Please output the lines from the one with "iDoneThis The iDoneThis" through the end of the data exactly as written, omitting all pictures.

════════════════════

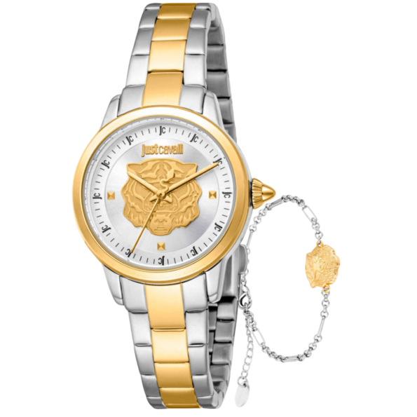 A sophisticated women’s watch set featuring a two-tone stainless steel case and bracelet, complemented by a silver dial with the iconic Just Cavalli animalier motif. This set includes a matching bracelet, offering a blend of modern design and luxury.
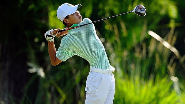 Þessi 14 ára kínverski strákur sem sló í gegn á Masters og síðan í New Orleans var með 2 skramba, 5 skolla 9 pör og 2 fugla á skorkortinu, eftir hvassan hring á golfvelli TPC Four Seasons.
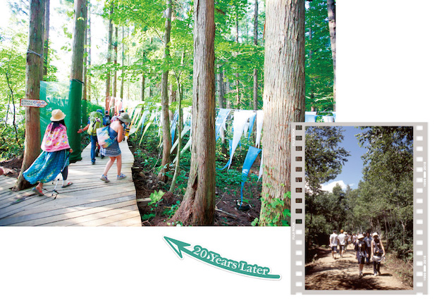まだボードウォークがなかったフジロックの森。ボードウォークは2003年に設置され、ステージ間の移動が快適な森林浴の時間に。
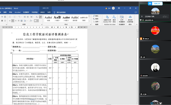 会上,参会人员就“面对面评教的评价指标设计”、“实践环节答辩记录模板设计”、“课程目标达成评价制度的文件修订”、“课程质量评价报告模板的改进”、“形成性评价记录模板的改进”展开讨论,并从帮助学生如何更好地评价自身的学习成果及课程材料如何更好地反映学生产出、更有效地开展教学工作等方面提出改进意见,并安排专门人员跟进后续的改进方案。
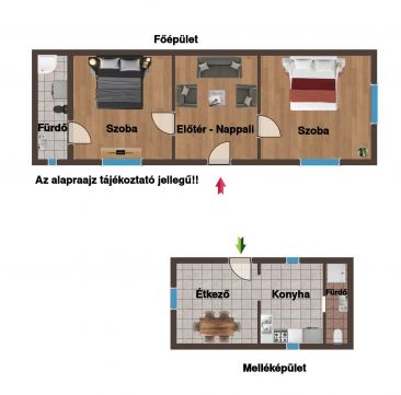A főépületben 3 egymásból nyíló szoba és egy vizes helyiség lett kialakítva, ami befejezésre vár.
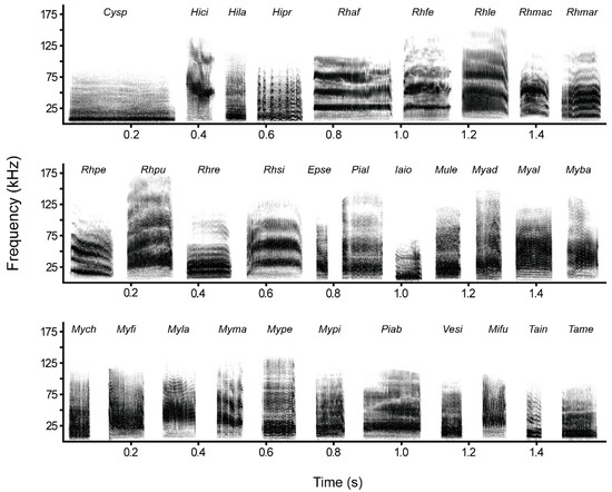 Spectrograms of bat distress calls. Cysp: Cynopterus sphinx. Hici: Hipposideros cineraceus. Hila: Hipposideros larvatus. Hipr: Hipposideros pratti. Rhaf: Rhinolophus affinis. Rhfe: Rhinolophus ferrumequinum. Rhle: Rhinolophus lepidus. Rhmac: Rhinolophus macrotis. Rhmar: Rhinolophus marshalli. Rhpe: Rhinolophus pearsonii. Rhpu: Rhinolophus pusillus. Rhre: Rhinolophus rex. Rhsi: Rhinolophus sinicus. Epse: Eptesicus serotinus. Pial: Pipistrellus alaschanicus. Iaio: Ia io. Mule: Murina leucogaster. Myad: Myotis adversus. Myal: Myotis altarium. Myba: Myotis badius. Mych: Myotis chinensis. Myfi: Myotis fimbriatus. Myla: Myotis laniger. Myma: Myotis macrodactylus. Mype: Myotis pequinius. Mypi: Myotis pilosus. Piab: Pipistrellus abramus. Vesi: Vespertilio sinensis. Mifu: Miniopterus fuliginosus. Tain: Tadarida insignis. Tame: Taphozous melanopogon.
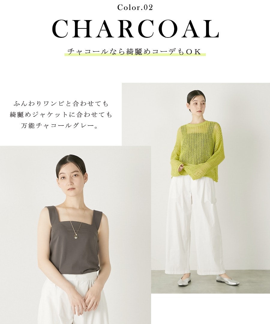 透け感あるトップスのインナーやジャケットのインナーとしてはもちろん
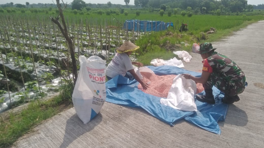 Babinsa Kel. Ngembat padas Kopda Agung Leksono anggota Koramil 15/Gemolong melaksanakan kegiatan pendampingan upsus memupukan padi jenis Ss dengan luas lahan ½ Ha di persawahan milik Sri lestari ( 42 ) Ds. Kalangan RT.18 Kel. Gemolong kec. Gemolong, Senin ( 16/12/19 ).
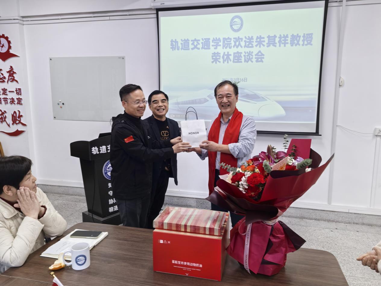 此次荣休欢送会,既充分表达了学院对退休教师的崇高敬意与真挚关怀,也传承了尊师重教、敬业奉献、薪火相传的优良风尚。轨道交通学院将以朱其祥教授为榜样,坚守育人初心、勇担时代使命,奋力推动学院各项事业再上新台阶。
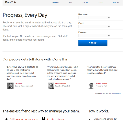 iDoneThis The iDoneThis home page also has a number of elements working for it such as the use of whitespace, use of testimonials and focus on getting people to sign up for a trial for a free via the short yet visible sign up form.
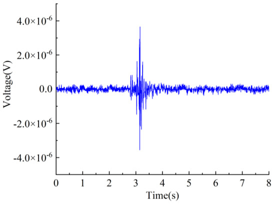 The vibration signal was output through the computer software, and the vibration table generated tiny vibrations after receiving the command. Figure 15 shows the vibration signal detected by the sensor.
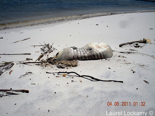Dead armadillo found near turtle on Gulfport beach Photo by Laurel Lockaby
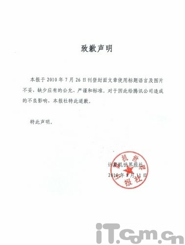 本报于2010年7月26日刊登封面文章,使用标题语言及图片不妥,缺少应有的公允、严谨和标准。对于因此给腾讯公司造成的不良影响,本报社特此道歉。
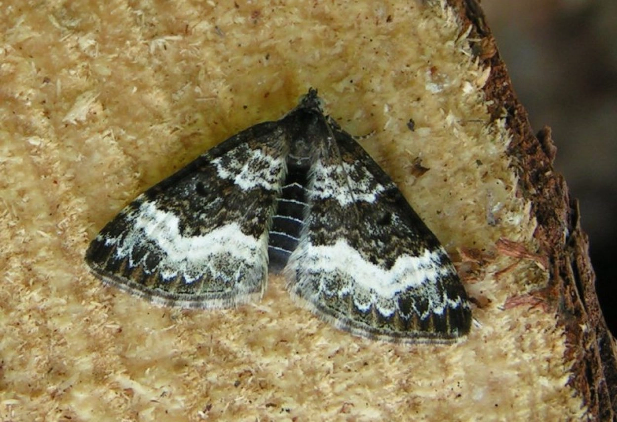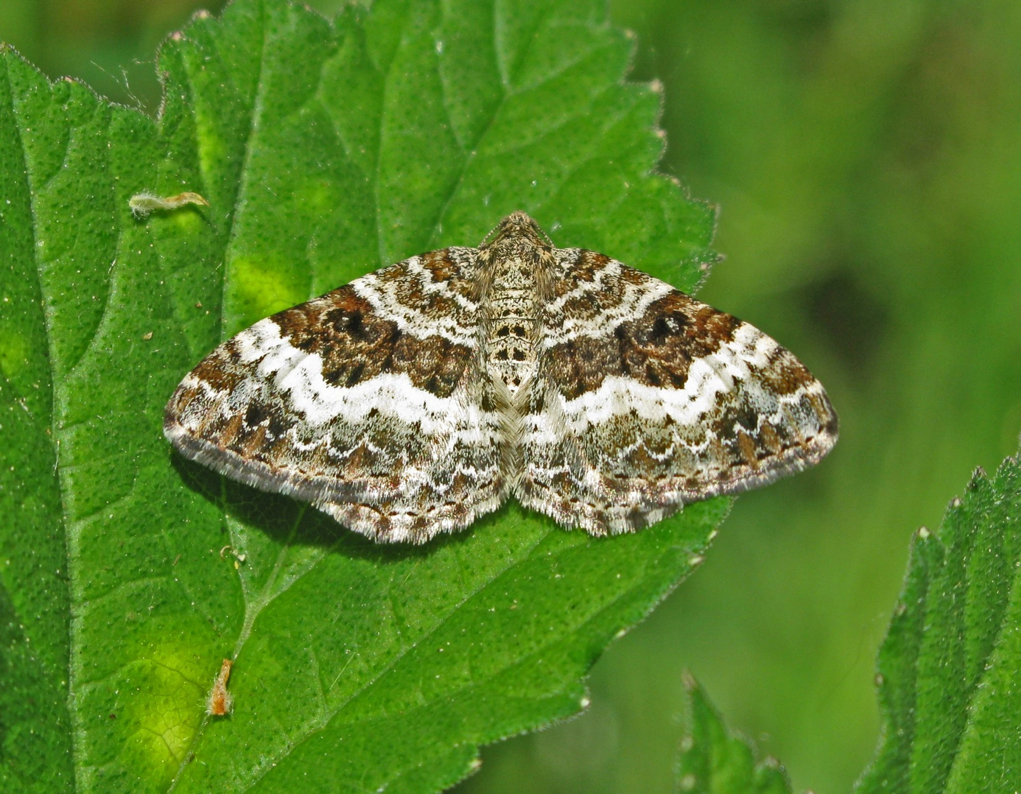 Bosbandspanner (Epirrhoe rivata).N.B.: vergelijk behalve de uiterlijke kenmerken ook de tijd van het jaar waarin de rupsen voorkomen, het habitat en de waardplant(en).
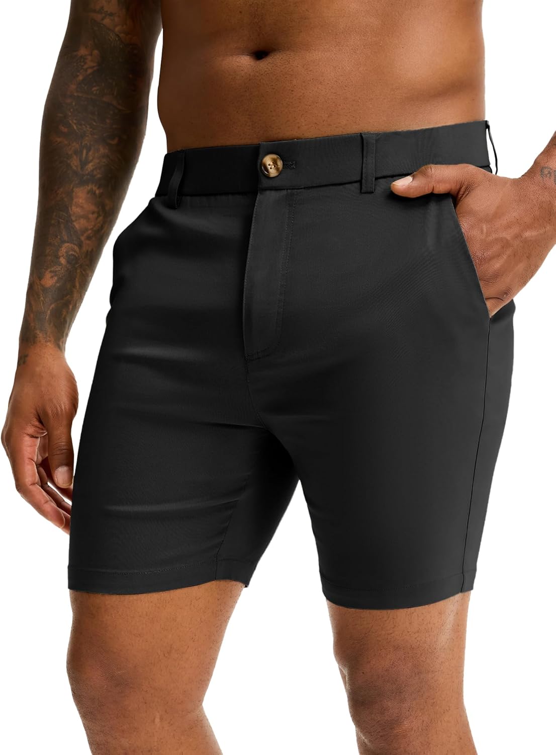 Comdecevis Men's Slim Fit 7" Inseam Chino Shorts - Stretch Skinny Dress Shorts for Work Casual
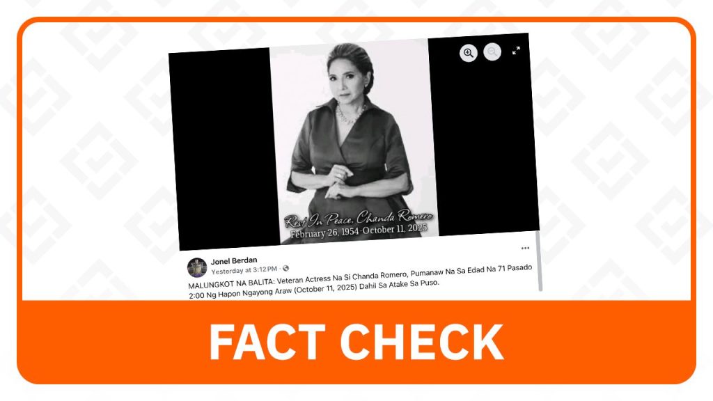 A Facebook post that gained significant traction—accumulating over 2,100 reactions, 390 comments, and 110 shares—falsely claimed that Romero had passed away from a heart attack. The misleading post featured a black and white photograph of the actress alongside text reading, “Rest in Peace, Chanda Romero. February 26, 1954 – October 11, 2025.”

════════════════════

▶ **Answer section**
 iDoneThis The iDoneThis home page also has a number of elements working for it such as the use of whitespace, use of testimonials and focus on getting people to sign up for a trial for a free via the short yet visible sign up form.
 The vibration signal was output through the computer software, and the vibration table generated tiny vibrations after receiving the command. Figure 15 shows the vibration signal detected by the sensor.
Dead armadillo found near turtle on Gulfport beach Photo by Laurel Lockaby
 本报于2010年7月26日刊登封面文章,使用标题语言及图片不妥,缺少应有的公允、严谨和标准。对于因此给腾讯公司造成的不良影响,本报社特此道歉。
 Bosbandspanner (Epirrhoe rivata).N.B.: vergelijk behalve de uiterlijke kenmerken ook de tijd van het jaar waarin de rupsen voorkomen, het habitat en de waardplant(en).
 Comdecevis Men's Slim Fit 7" Inseam Chino Shorts - Stretch Skinny Dress Shorts for Work Casual
 A Facebook post that gained significant traction—accumulating over 2,100 reactions, 390 comments, and 110 shares—falsely claimed that Romero had passed away from a heart attack. The misleading post featured a black and white photograph of the actress alongside text reading, “Rest in Peace, Chanda Romero. February 26, 1954 – October 11, 2025.”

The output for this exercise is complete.